Side effects are classified as memory side effects and IO side effects based on memory properties and IO status. At present, memory side effects are mainly Assign, optimizer operators and so on, IO side effects are mainly Print operators. You can view the operator definition in detail, the memory side effect operator has side_effect_mem properties in the definition, and the IO side effect operator has side_effect_io properties in the definition.
Depend is used for processing dependency operations.In most cases, if the operators have IO or memory side effects, they will be executed according to the user’s semantics, and there is no need to use the Depend operator to guarantee the execution order.In some cases, if the two operators A and B do not have sequential dependencies, and A must execute before B, we recommend that you use Depend to specify the order in which they are executed. Here’s how to use it:
a = A(x) ---> a = A(x)
b = B(y) ---> y = Depend(y, a)
---> b = B(y)
Please note that a special set of operators for floating point overflow state detection have hidden side effects, but are not IO side effects or memory side effects. In addition, there are strict sequencing requirements for use, i.e., before using the NPUClearFloatStatus operator, you need to ensure that the NPU AllocFloatStatus has been executed, and before using the NPUGetFloatStatus operator, you need to ensure that the NPUClearFlotStatus has been executed. Because these operators are used less, the current scenario is to keep them defined as side-effect-free in the form of Depend ensuring execution order. Examples are as follows:
import numpy as np
from mindspore.common.tensor import Tensor
from mindspore import ops
npu_alloc_status = ops.NPUAllocFloatStatus()

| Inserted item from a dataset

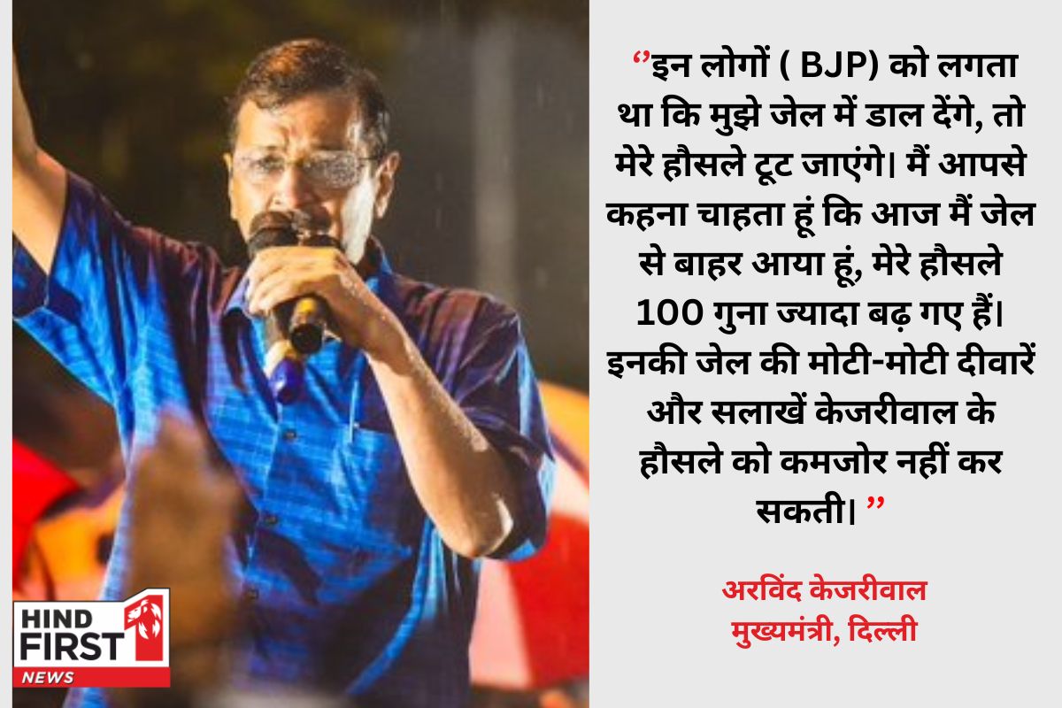 केजरीवाल ने बीजेपी पर हमला करते हुए कहा कि इन लोगों को लगता था कि मुझे जेल में डाल देंगे, तो मेरे हौसले टूट जाएंगे। मैं आपसे कहना चाहता हूं कि आज में जेल से बाहर आया हूं, मेरे हौसले 100 गुना ज्यादा बढ़ गए हैं। इनकी जेल की मोटी-मोटी दीवारे और सलाखें केजरीवाल के हौसले को कमजोर नहीं कर सकती।

npu_get_status = ops.NPUGetFloatStatus()
npu_clear_status = ops.NPUClearFloatStatus()
x = Tensor(np.ones([3, 3]).astype(np.float32))
y = Tensor(np.ones([3, 3]).astype(np.float32))
init = npu_alloc_status()
sum_ = ops.Add()(x, y)
product = ops.MatMul()(x, y)
init = ops.depend(init, sum_)
init = ops.depend(init, product)
get_status = npu_get_status(init)
sum_ = ops.depend(sum_, get_status)
product = ops.depend(product, get_status)
out = ops.Add()(sum_, product)
init = ops.depend(init, out)
clear = npu_clear_status(init)
out = ops.depend(out, clear)
print(out)
[[5. 5. 5.]
[5. 5. 5.]
[5. 5. 5.]]
Specific usage methods can refer to the implementation of start_overflow_check functions in the overflow detection logic.